YOUR OBJECTIVE
Reproduce the entries below exactly, but leave the pictures out.

◇ ◇ ◇ ◇ ◇

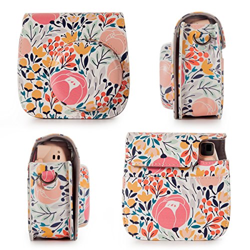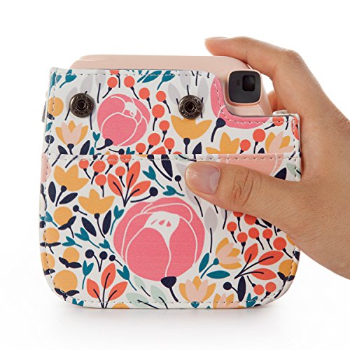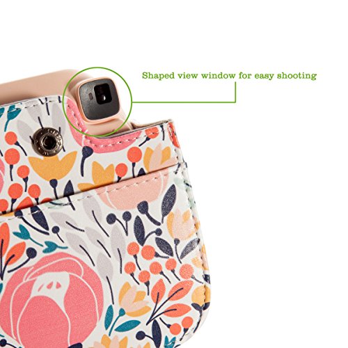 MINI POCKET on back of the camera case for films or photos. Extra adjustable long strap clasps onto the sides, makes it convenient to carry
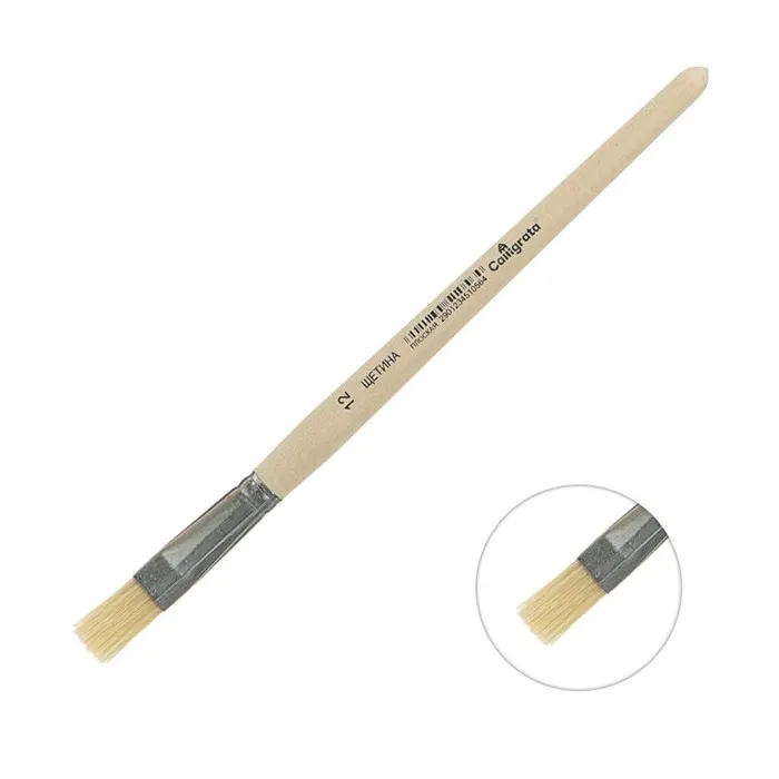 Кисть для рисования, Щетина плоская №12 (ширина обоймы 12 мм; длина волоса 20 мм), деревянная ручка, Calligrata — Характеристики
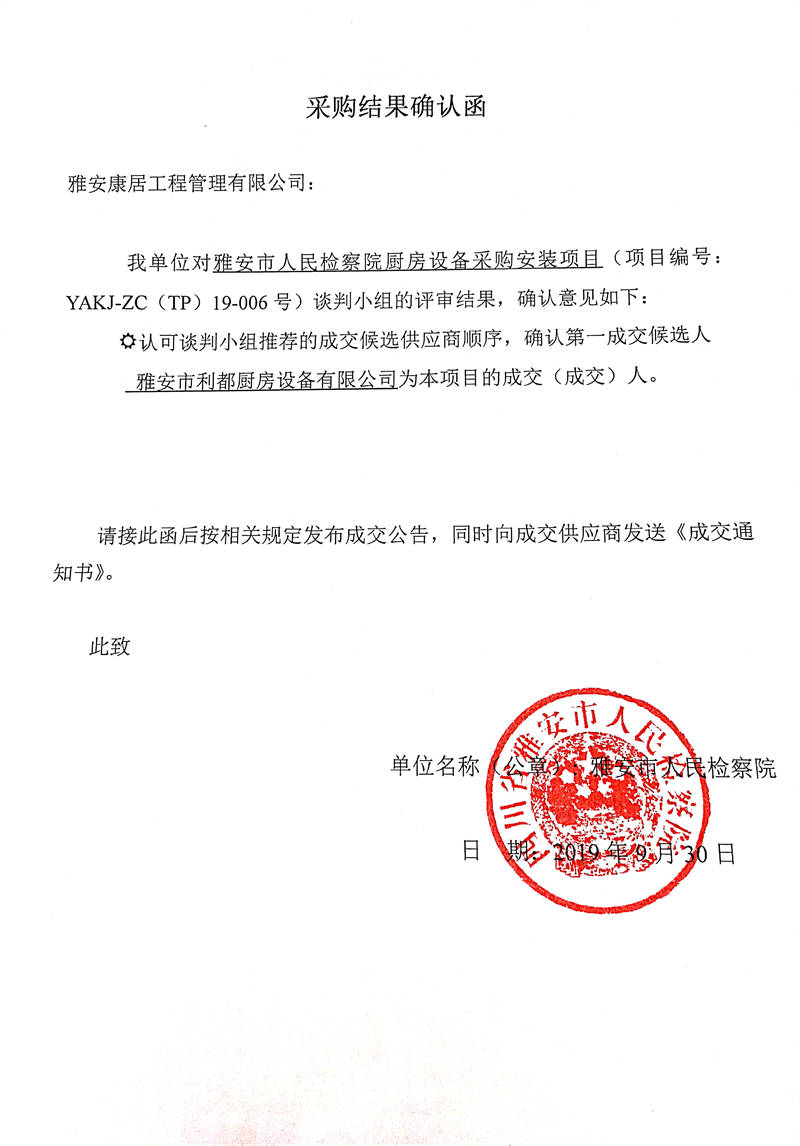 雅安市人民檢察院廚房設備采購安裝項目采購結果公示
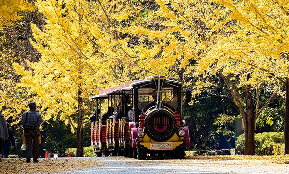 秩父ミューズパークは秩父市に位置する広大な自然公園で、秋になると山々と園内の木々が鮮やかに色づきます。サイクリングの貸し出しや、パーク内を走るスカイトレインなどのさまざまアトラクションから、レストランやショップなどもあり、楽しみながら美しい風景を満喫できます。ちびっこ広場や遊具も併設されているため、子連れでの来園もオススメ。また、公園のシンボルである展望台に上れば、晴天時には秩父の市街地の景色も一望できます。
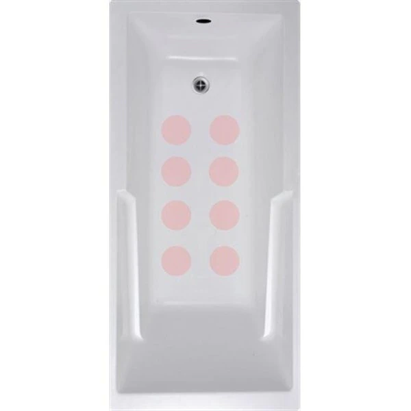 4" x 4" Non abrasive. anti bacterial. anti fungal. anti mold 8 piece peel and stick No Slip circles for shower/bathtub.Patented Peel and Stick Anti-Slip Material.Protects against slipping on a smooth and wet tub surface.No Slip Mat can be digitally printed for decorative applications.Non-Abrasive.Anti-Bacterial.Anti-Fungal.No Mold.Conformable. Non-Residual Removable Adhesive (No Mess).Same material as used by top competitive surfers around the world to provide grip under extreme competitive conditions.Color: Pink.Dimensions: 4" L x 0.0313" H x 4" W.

◇ ◇ ◇ ◇ ◇

TASK SOLUTION
 MINI POCKET on back of the camera case for films or photos. Extra adjustable long strap clasps onto the sides, makes it convenient to carry
 Кисть для рисования, Щетина плоская №12 (ширина обоймы 12 мм; длина волоса 20 мм), деревянная ручка, Calligrata — Характеристики
 雅安市人民檢察院廚房設備采購安裝項目采購結果公示
 秩父ミューズパークは秩父市に位置する広大な自然公園で、秋になると山々と園内の木々が鮮やかに色づきます。サイクリングの貸し出しや、パーク内を走るスカイトレインなどのさまざまアトラクションから、レストランやショップなどもあり、楽しみながら美しい風景を満喫できます。ちびっこ広場や遊具も併設されているため、子連れでの来園もオススメ。また、公園のシンボルである展望台に上れば、晴天時には秩父の市街地の景色も一望できます。
 4" x 4" Non abrasive. anti bacterial. anti fungal. anti mold 8 piece peel and stick No Slip circles for shower/bathtub.Patented Peel and Stick Anti-Slip Material.Protects against slipping on a smooth and wet tub surface.No Slip Mat can be digitally printed for decorative applications.Non-Abrasive.Anti-Bacterial.Anti-Fungal.No Mold.Conformable. Non-Residual Removable Adhesive (No Mess).Same material as used by top competitive surfers around the world to provide grip under extreme competitive conditions.Color: Pink.Dimensions: 4" L x 0.0313" H x 4" W.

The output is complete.